Task item |
Pictures stay out; print the rest of the listing below exactly as it stands.

Available data |
-*-
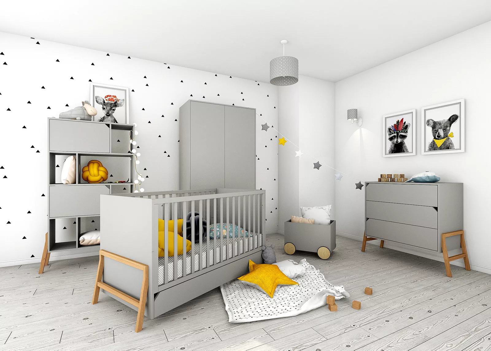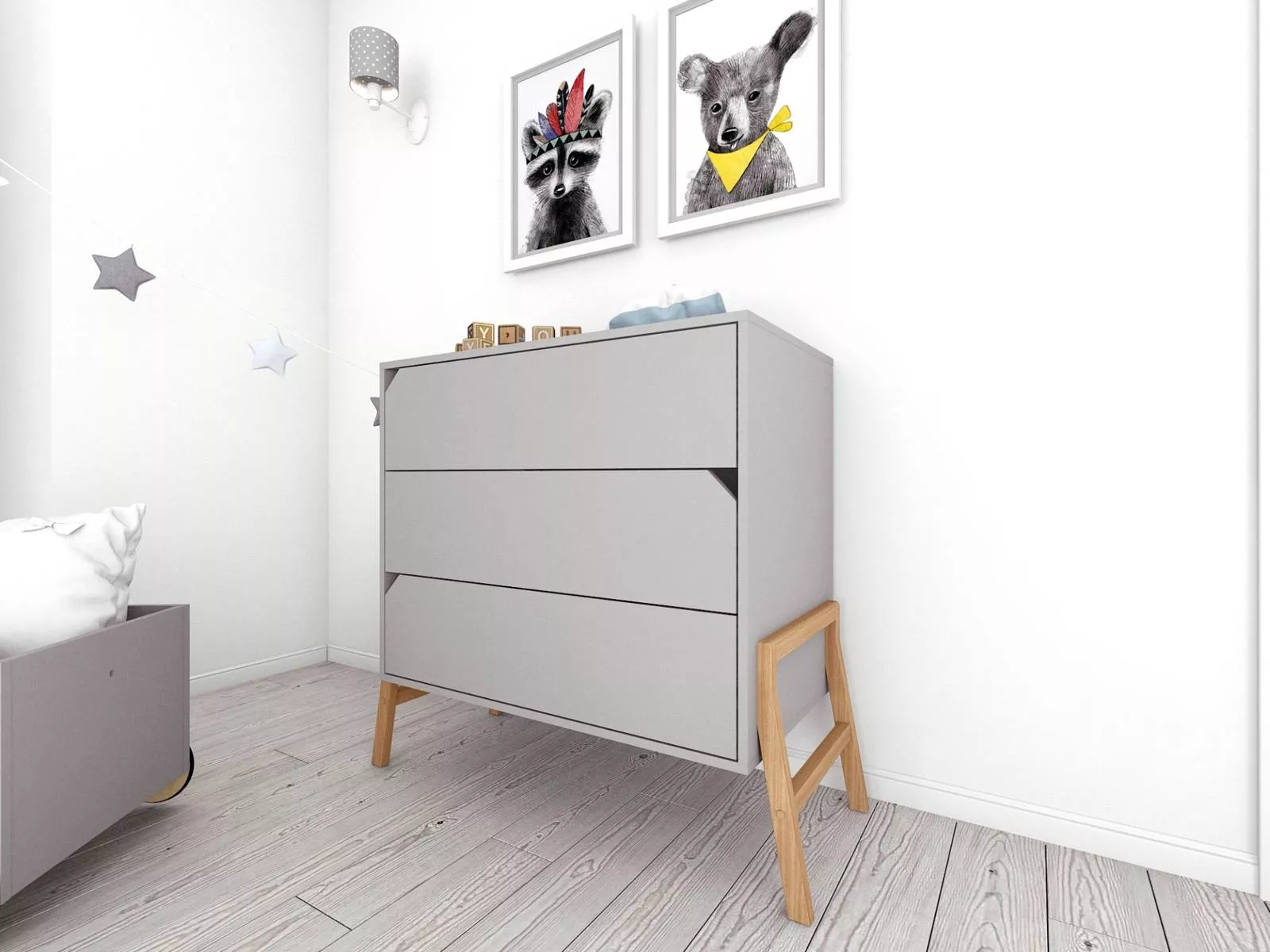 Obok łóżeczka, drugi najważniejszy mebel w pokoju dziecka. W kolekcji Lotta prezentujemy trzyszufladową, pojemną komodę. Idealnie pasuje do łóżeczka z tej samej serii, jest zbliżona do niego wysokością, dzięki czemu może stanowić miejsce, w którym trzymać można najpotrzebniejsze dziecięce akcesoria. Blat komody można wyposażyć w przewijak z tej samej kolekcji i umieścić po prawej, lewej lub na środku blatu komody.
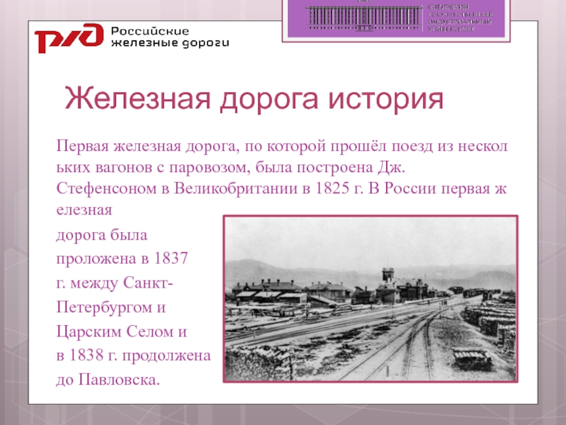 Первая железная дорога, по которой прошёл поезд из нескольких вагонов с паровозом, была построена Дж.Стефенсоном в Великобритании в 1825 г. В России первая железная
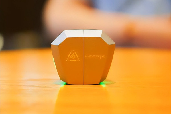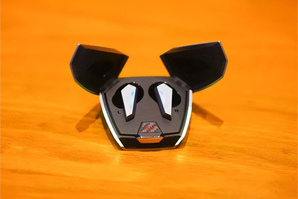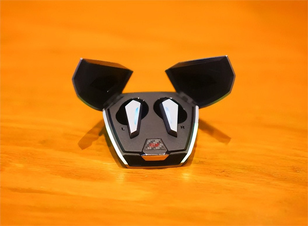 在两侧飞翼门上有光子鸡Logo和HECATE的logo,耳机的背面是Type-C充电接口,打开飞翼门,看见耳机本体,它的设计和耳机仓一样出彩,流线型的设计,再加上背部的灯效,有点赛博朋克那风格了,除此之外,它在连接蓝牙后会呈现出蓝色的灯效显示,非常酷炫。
-*-
Output for this task |
 Obok łóżeczka, drugi najważniejszy mebel w pokoju dziecka. W kolekcji Lotta prezentujemy trzyszufladową, pojemną komodę. Idealnie pasuje do łóżeczka z tej samej serii, jest zbliżona do niego wysokością, dzięki czemu może stanowić miejsce, w którym trzymać można najpotrzebniejsze dziecięce akcesoria. Blat komody można wyposażyć w przewijak z tej samej kolekcji i umieścić po prawej, lewej lub na środku blatu komody.
 Первая железная дорога, по которой прошёл поезд из нескольких вагонов с паровозом, была построена Дж.Стефенсоном в Великобритании в 1825 г. В России первая железная
 在两侧飞翼门上有光子鸡Logo和HECATE的logo,耳机的背面是Type-C充电接口,打开飞翼门,看见耳机本体,它的设计和耳机仓一样出彩,流线型的设计,再加上背部的灯效,有点赛博朋克那风格了,除此之外,它在连接蓝牙后会呈现出蓝色的灯效显示,非常酷炫。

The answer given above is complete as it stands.